Mohammed Odeh ci porta alla sua abitazione. Ora è solo un cumulo di pietre, lamiere contorte e tubi piegati. Percorriamo un labirinto di vicoli. «Le nostre sono stradine strette perché da quando Israele ha occupato questa parte di Gerusalemme (la zona palestinese, nel 1967, ndr) Wadi Hilwe non ha mai potuto svilupparsi. Le case sono cresciute quasi attaccate», ci dice. Dal terrazzo accanto alla sua casa distrutta si può osservare l’ampio scavo in corso. In alto si intravede, come se fosse appoggiata sulle mura antiche, una delle cupole della Spianata di Al Aqsa. Centinaia di metri più avanti c’è Batn al Hawa, un sobborgo che secondo gli ultranazionalisti israeliani si troverebbe sul sito di un villaggio costruito alla fine del XIX secolo per ospitare ebrei yemeniti evacuati dai britannici negli anni ‘30. Una legge del 1970 consente ai cittadini ebrei il diritto di reclamare senza limiti di tempo proprietà a Gerusalemme Est. Non è lo stesso per i residenti palestinesi con le proprietà arabe confiscate dallo Stato di Israele dopo la sua nascita nel 1948. A Batn al Hawa 20 edifici palestinesi attendono l’arrivo delle ruspe.

Prima di salutarci Mohammed Odeh accede la tv nel suo negozio.

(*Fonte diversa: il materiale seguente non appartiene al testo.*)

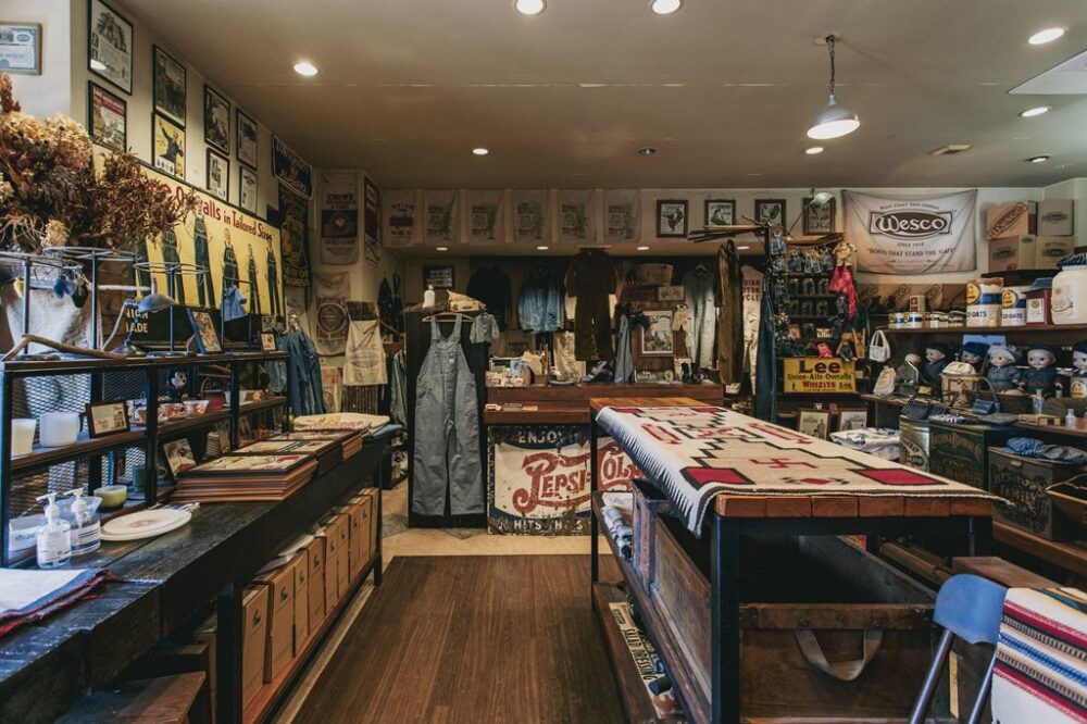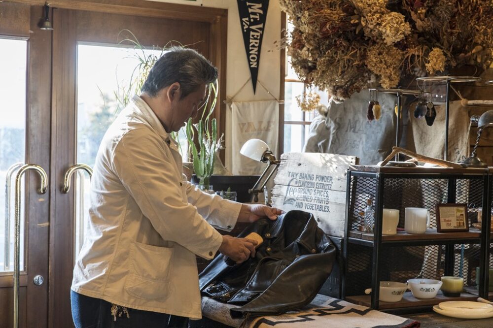 怪我を理由にバイクのカスタムを止め、自身の追い求めている旧きよきアメリカのワークウエアを中心としたヴィンテージや雑貨、そして現存するアメリカブランドを集めたノックオンウッドジェネラルストアを15年ほど前にオープンした。そのため同じ店舗であるが、2つのショップ名を掲げているのだ

Scorrono le immagini di Gaza distrutta, di bambini che fanno la fila per riempire di acqua le taniche, della nuvola di polvere e detriti che alzano le esplosioni delle bombe. E quelle delle Forze armate israeliane entrate di nuovo a Jenin dove ieri hanno ucciso cinque palestinesi. Altri quattro sono stati colpiti a morte nella notte tra lunedì e martedì ad Aqaba (Tubas). Due a Kufr Qud. 11 uccisi in Cisgiordania in meno di 24 ore, oltre 600 dal 7 ottobre. La maggior parte erano combattenti, ma tanti solo giovani che lanciavano pietre e civili non coinvolti. Un palestinese del campo profughi di Dheisheh (Betlemme) ha ferito con un cacciavite una agente della polizia israeliana ed è stato ucciso sul posto.